United Artists - Tom Cruise and Paula Wagner recently took over the creative reigns and were quick to get a jump on their larger competition, and were said to have been "inundated" by scripts immediately after the deal was signed. UA immediately made a deal with Oscar winning director Paul Haggis for a new project.

UA is owned by MGM, which has not made a deal with the WGA and is currently on the outside looking in.

The Weinstein Company - Probably needed a deal more than just about anyone else. Sure, they've got one hell of a rep for busting out good flicks with Oscar potential, but they've struggled a bit since leaving Disney to go their own way. Competition is more fierce than it was in years past, and this agreement lets them get right back to work while the monoliths sit around and feel content losing money.

Like UA, TWC now has their pick of the best scripts in the business whereas most of them perhaps were only being shopped at larger studios with more cash on hand.
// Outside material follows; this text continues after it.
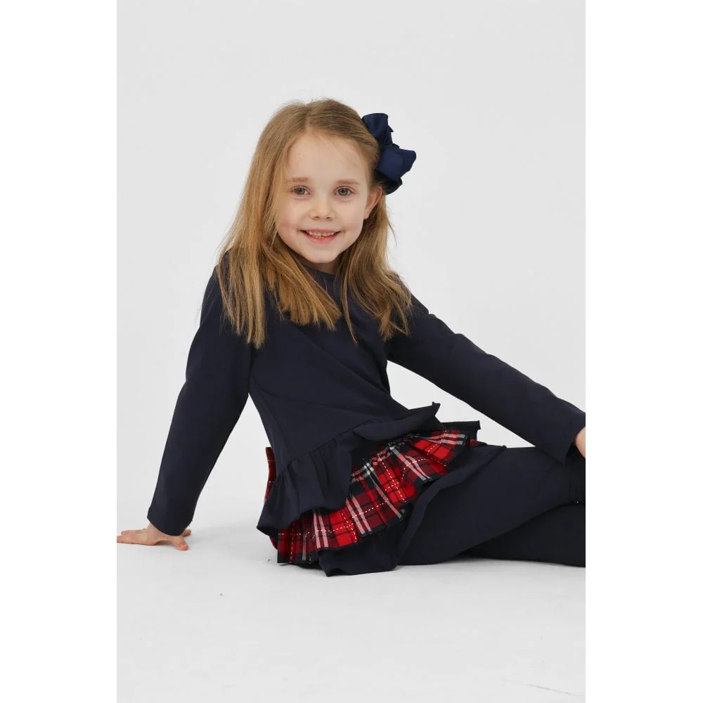 Darcy Girls Frilly Tartan Bow Tracksuit Navy

It's not inconceivable that either of these companies could dig a diamond out of the ground with everyone else sitting at home.

Media Rights Capital - Not a name you hear often (or at all) yet possibly more significant than any of the other deals. MRC does both television and film, and has some names under their banner you will definitely recognize:

This deal began as an effort to get Family Guy's Seth MacFarlane and his writers a WGA contract on fifty webisodes which are being produced for Google. It quickly developed into a negotiation with MRC that would cover all of its Internet content (including projects with Larry David, Gordon Ramsay, and Second City), as well as a full slate of independently financed feature films and television series.

Nearly three dozen active projects are covered under this agreement.

The new media clauses come into play here for the first time as MRC is actively producing and owns digital property. This only strengthens the WGA's claim that the new media demands are both reasonable and achievable.

And then there is this bit pre-strike:

And that doesn't include films being made by studio specialty arms or projects funded by the likes of Media Rights Capital, which will spend $250 million to finance eight films that include the Sacha Baron Cohen comedy "Bruno," Ricky Gervais comedy "This Side of the Truth," Robert Rodriguez-directed "Shorts," and the Richard Kelly-directed thriller "The Box" with Cameron Diaz. Only "Bruno" has a distribution deal, made at Universal prior to the release of "Borat."

MRC is not a small, insignificant company. That deal was huge.

Spyglass Entertainment - Another independent studio deal along the lines of TWC, made around the same time as MRC. According to WGA West President Patric Verrone, there are even more of these deals in the works.

That proverbial tipping point that Variety gleefully announced wasn't going to come after waiting less than two weeks after the UA announcement is starting to materialize.